Nonetheless, with any negative trial, one must convince oneself that the findings are evidence of absence rather than absence of evidence. TRANSFORM-HF is a large, well-designed, randomized trial, yet the possibility of absence of evidence still exists, a by-product of the pragmatic trial design. The broad entry criteria promoted rapid enrollment and widespread generalizability at the cost of a heterogeneous trial population. The limited patient monitoring streamlined trial participation for patients and study sites while sacrificing the ability to monitor patient adherence and perform detailed outcome assessment of end points relevant to heart failure other than mortality.

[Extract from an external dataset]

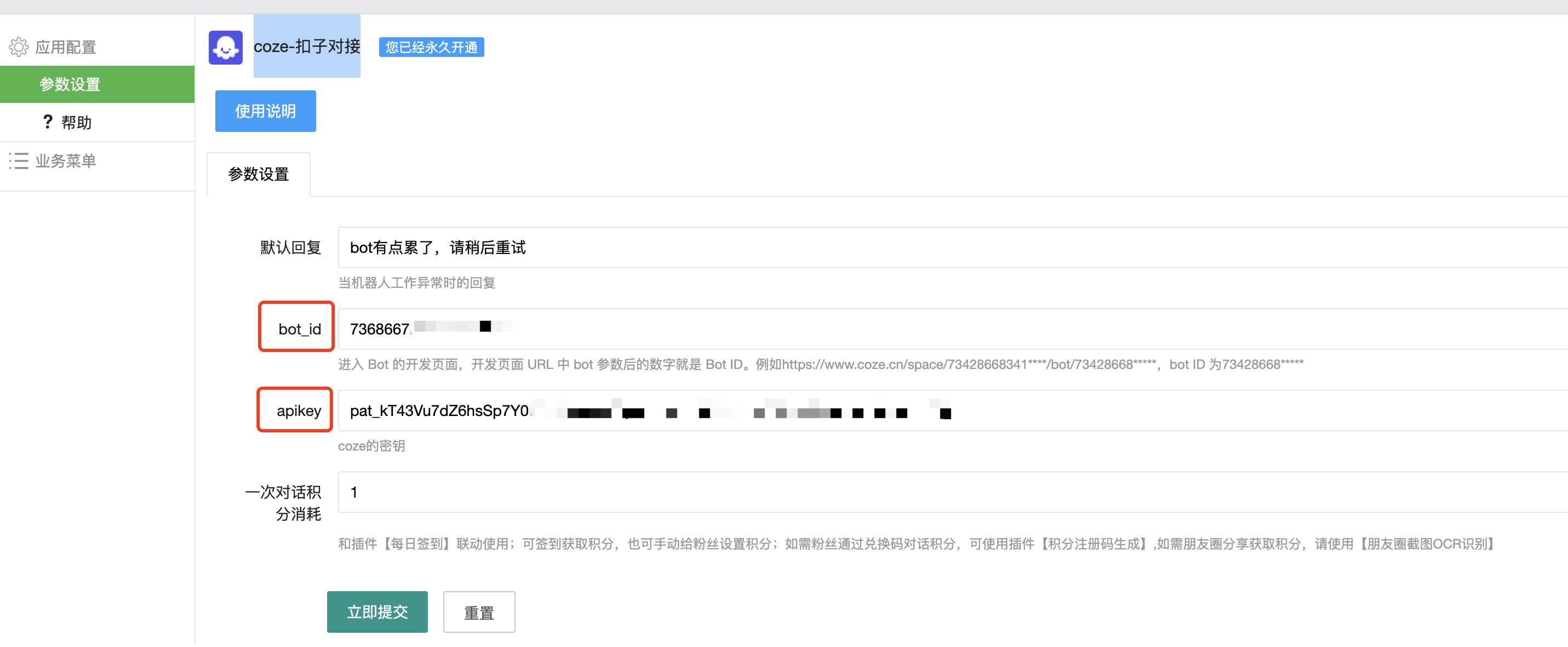 最后在【coze-扣子对接】如下配置了一次对话积分消耗1

For example, TRANSFORM-HF included patients with both heart failure with reduced ejection fraction and preserved ejection fraction. Because the pathophysiology and natural history of these conditions differ, could there have been a differential treatment effect masked by the heterogenous study group? In addition, there was a 5.4% crossover rate between torsemide and furosemide groups at hospital discharge and information on diuretic dosage was available for only about 70% of trial participants at 1 month and about two-thirds of study participants at 1 year. Could lack of study drug adherence have impacted the assessment of efficacy? Further, while torsemide had no impact on rehospitalizations at 12 months or death at 30 months, could there have been a difference in unscheduled clinic visits, presentation to the emergency department, need for thiazide diuretics, or changes in kidney function? These questions will remain unanswered given the constraints of a pragmatic trial design.

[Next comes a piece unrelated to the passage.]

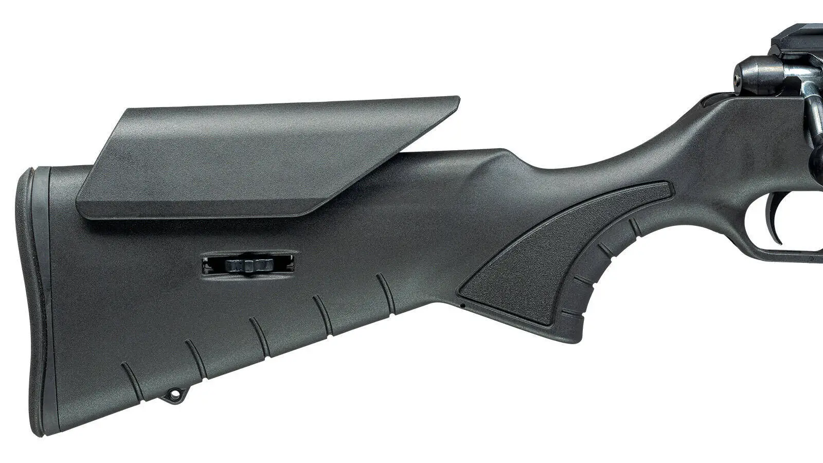 Med justerbar kindkudde, 15xmm gänga för ljuddämpare, extra magasin och medföljande gevärsfodral har Monza allt du behöver för en lyckad jakt.

The TRANSFORM-HF Trial should be celebrated for dispelling a longstanding myth, based on surrogate markers and small trials, of the superiority of torsemide over furosemide. Now, when faced with a patient with heart failure and congestive symptoms, clinicians can focus their energy on what really matters: not the relative merits of different loop diuretics, but rather the initiation and optimization of evidence- and guideline-based therapies to help their patients feel better and live longer.7
Nevertheless, celebration of TRANSFORM-HF should be tempered with caution. Pragmatic trials are more flexible and nimbler in design and execution, but this agility comes at a cost. An overly heterogeneous patient population can impact the trial’s ability to assess efficacy of therapies while minimally intensive follow-up precludes comprehensive outcome assessment.

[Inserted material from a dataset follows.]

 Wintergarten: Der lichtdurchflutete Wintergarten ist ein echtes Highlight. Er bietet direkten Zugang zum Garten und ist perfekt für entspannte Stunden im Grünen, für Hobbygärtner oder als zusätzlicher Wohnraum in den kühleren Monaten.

In less than a century, the management of heart failure has been transformed from toxic methods of fluid removal to therapies that improve the patients’ quality of life and survival. The future of heart failure lies in pragmatic trials that merge the rigor of randomized trials with the capacity for efficient generation of generalizable evidence. The key to the success of these trials, however, will be in balancing the competing goals of rigor and efficiency. TRANSFORM-HF has closed the loop on diuretic therapy in heart failure—for now—and offers valuable lessons to inform the design of future studies that will further optimize the care of patients with heart failure.